Note: Please read the disclaimer. The author is not providing professional investing advice.
If you desire to develop your own magic trading formula through backtesting or data-mining, you’re going to want to use historical data to test your algorithm’s performance versus at least one benchmark, like the S&P 500.
But annual S&P returns, in my opinion, are not very easy to find. I went to the Standard & Poor site and clicked through a few menus, but all I could find were trailing gains (year-to-date, last year, last 3 years, last 5 years, etc.). Couldn’t get the year-by-year breakdown I was after.
OK, no problem, I thought. I’ll just use Yahoo! Finance’s historical data interface to look up the S&P 500 index (ticker ^GSPC) to see the opening and closing price for a given year.
And since the Magic Formula book has the year-by-year breakdown through 2004, I’ll compute 2004 just to make sure my numbers match Joel Greenblatt’s:
On the first trading day of 2004, ^GSPC opened at 1111.92.
On the last trading day of 2004, ^GSPC closed at 1211.92.
So the 2004 gain is : (1211.92 / 1111.92 – 1) x 100% = +9.0%
And lemme just cross-reference with the Little Book That Beats the Market…
Hold on! He lists the Y2.4K return for the S&P 500 as +10.9%, not +9.0%!
But hey, with no formal business training up my sleeve, (albeit one Engineering Economics class), I figured it probably had something to do with dividends not being factored in.
The good news – I was right! The bad news – while Yahoo does track historical dividends for other funds and stocks, they don’t seem to do it for the S&P 500 index. So now I know what the problem is, but can’t fix it. Sheesh!
After some googling I did eventually find what I was looking for, and it was on the S&P site afterall! I still have no idea how to end up there starting from their top page, but who cares, here’s the link:
After opening, click on the “ANNUAL TOTAL RETURNS” tab at the bottom of the worksheet. Otherwise, you’re looking at monthly data.
Take a gander at Column E. They match Greenblatt’s numbers exactly. 🙂
And we now have two more data points since 2004:
In 2005 the S&P 500 returned +4.9%
In 2006 the S&P 500 returned +15.8%
If you do the geometric average over 1988 – 2006, you’ll see that the S&P 500 has averaged +12.2%. Not bad since that doubles your money every 6 years!
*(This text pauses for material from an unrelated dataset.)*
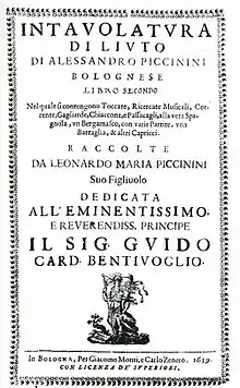 He is best known for his two volumes of lute music: Intavolatura di Liuto et di Chitarrone, libro primo (Bologna, 1623) and Intavolaturo di Liuto (Bologna, 1639), the latter published posthumously by his son Leonardo Maria Piccinini. The 1623 collection is of particular importance because of Piccinini's lengthy preface, which includes a detailed manual on performance, as well as claims to have invented the archlute (Piccinini also made important modifications to the chitarrone). Piccinini concentrated on toccatas, courantes and galliards, as well as different kinds of variations. No other works by Piccinini are known; his music for La selva sin amor, the first opera performed in Spain, composed by his brother Filippo Piccinini is lost.[1]

But speaking of 6 years, if you pick any of the earlier consecutive 6 years, the S&P returns at least 12%, often it’s significantly higher than that. However, if the 6 consecutive years you pick are more recent, they’re not so great – we’re talking low single digits.
Does that mean we’re overdue for a large return? Or we’ve entered a new economic paradigm? Do you seriously think I might know?!
Obviously I don’t, but I can offer some words of advice for those developing a trading algorithm. Step 1, which you no doubt know, is to only even consider implementing your homebrewed strategy (versus using an index fund) if it more often than not outperforms the S&P 500 – and does so with similar or lower risk (standard deviation).
And Step 2… Well since you’ve gone through the trouble to add the S&P benchmarks as a sort of acceptable lower bound, why not also use the Magic Formula results as your target upper bound to beat? The Magic Formula strategy is quick, easy, logical, and (historically) proven. Does it make sense to go with any strategy that doesn’t at least historically beat it?!
If you’ve tried to check some of Greenblatt’s computations yourself, one other (apparent) discrepancy you might see is regarding the average rate of return. If you compute it yourself and get a different number than he did, it’s because you’re using arithmetic average, not geometric.